The AST output from Dingus is invalid Xml according to xmllint

When running the Xml AST output through xmllint, a validation error is thrown:

element document: validity error : root and DTD name do not match 'document' and 'CommonMark'

The offending line seems to be the DTD declaration in conjunction with the document’s root element:

<!DOCTYPE CommonMark SYSTEM "CommonMark.dtd">
<document xmlns="http://commonmark.org/xml/1.0">

Evidently, the DTD name CommonMark does not match the name of the root element <document>.

The respective rule is given in the W3C Xml specification as

The Name in the document type declaration MUST match the element type of the root element.

Is that known, and are any changes (in particular, changes to CommonMark.dtd, such as a renaming of the root element according to the DTD) planned for this?

The reason for my question is that in a project I am working on, ASTs are stored as Xml files at some point, and I’d like to make sure these Xml files are valid while also sticking to the conventions laid down by official CommonMark materials.

No, that rule wasn’t known (by me anyway).

Which would be better, calling the root element CommonMark or changing the file to document.dtd?

Calling the root element CommonMark gets my vote.
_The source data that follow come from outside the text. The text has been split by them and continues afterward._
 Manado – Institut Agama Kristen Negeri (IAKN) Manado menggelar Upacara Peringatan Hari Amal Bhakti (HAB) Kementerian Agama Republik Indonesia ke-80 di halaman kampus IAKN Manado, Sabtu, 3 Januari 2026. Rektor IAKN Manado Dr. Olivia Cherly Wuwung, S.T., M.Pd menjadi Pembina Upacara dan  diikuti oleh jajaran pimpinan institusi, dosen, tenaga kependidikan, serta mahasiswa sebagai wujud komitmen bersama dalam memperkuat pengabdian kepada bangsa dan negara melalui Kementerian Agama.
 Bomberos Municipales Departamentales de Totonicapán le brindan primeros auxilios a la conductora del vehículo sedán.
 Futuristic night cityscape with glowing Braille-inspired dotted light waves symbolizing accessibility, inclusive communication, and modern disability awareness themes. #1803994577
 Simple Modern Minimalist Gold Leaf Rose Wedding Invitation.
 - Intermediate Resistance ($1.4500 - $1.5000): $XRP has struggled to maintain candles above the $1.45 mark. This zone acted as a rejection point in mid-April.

It’s more consistent with HTML using <html> and SVG using <svg>. It’s also unambiguous.

Sorry, I think I was confused. This doesn’t concern the filename of the DTD, it concerns the name in the DOCTYPE declaration, i.e. the first word after <!DOCTYPE.
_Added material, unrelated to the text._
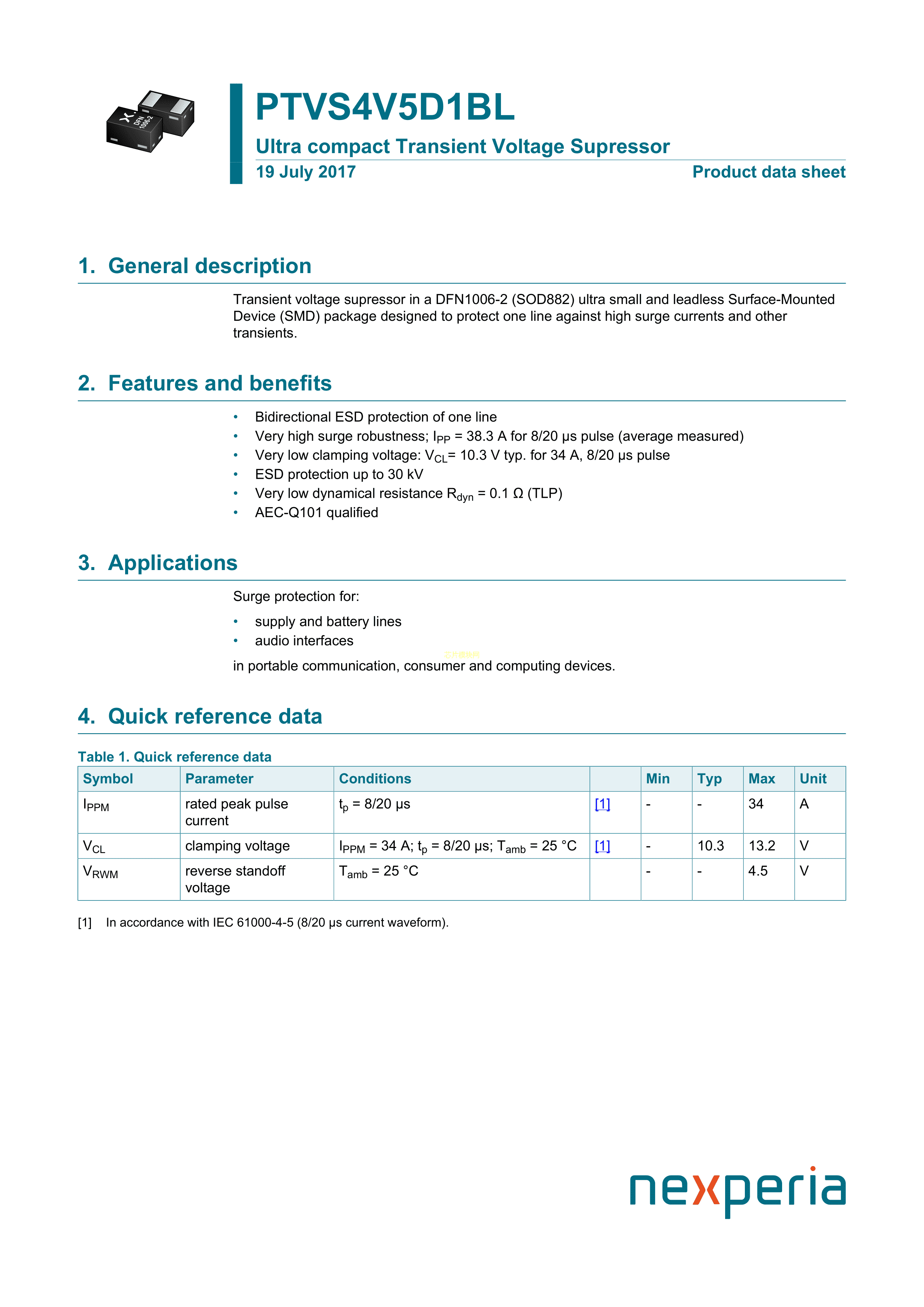 PTVS4V5D1BLYL数据手册SOD-882封装Nexperia(安世)PDF规格书,中英文下载

In your example, this is CommonMark, but in cmark’s xml output, it is document (which indeed matches the name of the root element).

Ah, I see. In commonmark.js, CommonMark is used instead of document. Well, that’s easily fixed (done in commit d171379431e958c45481f7df8420104d14650691)>

1 Like
  • Changing the root element to CommonMark or, better, commonmark.
  • Removing the version from the namespace IRI and adding a ‘version’ attribute to the document node, instead (see below). This is considered a good namespacing practice, because, rather than updating the namespace to a new revision, changing parts of the namespace string absolutely changes the namespace, effectively making it a new namespace. That will break all clients. Namespaces should only be changed, if one wants to enforce destruction of backwards compatibility.
  • Naming the official namespace prefix cm for commonmark, so to keep md for markdown free.
<cm:commonmark xmlns:cm="http://commonmark.org/ns/commonmark" version="1.0">
[...]
</cm:commonmark>

Remember: Once version 1.0 is out, changing such elementary things will be nearly impossible.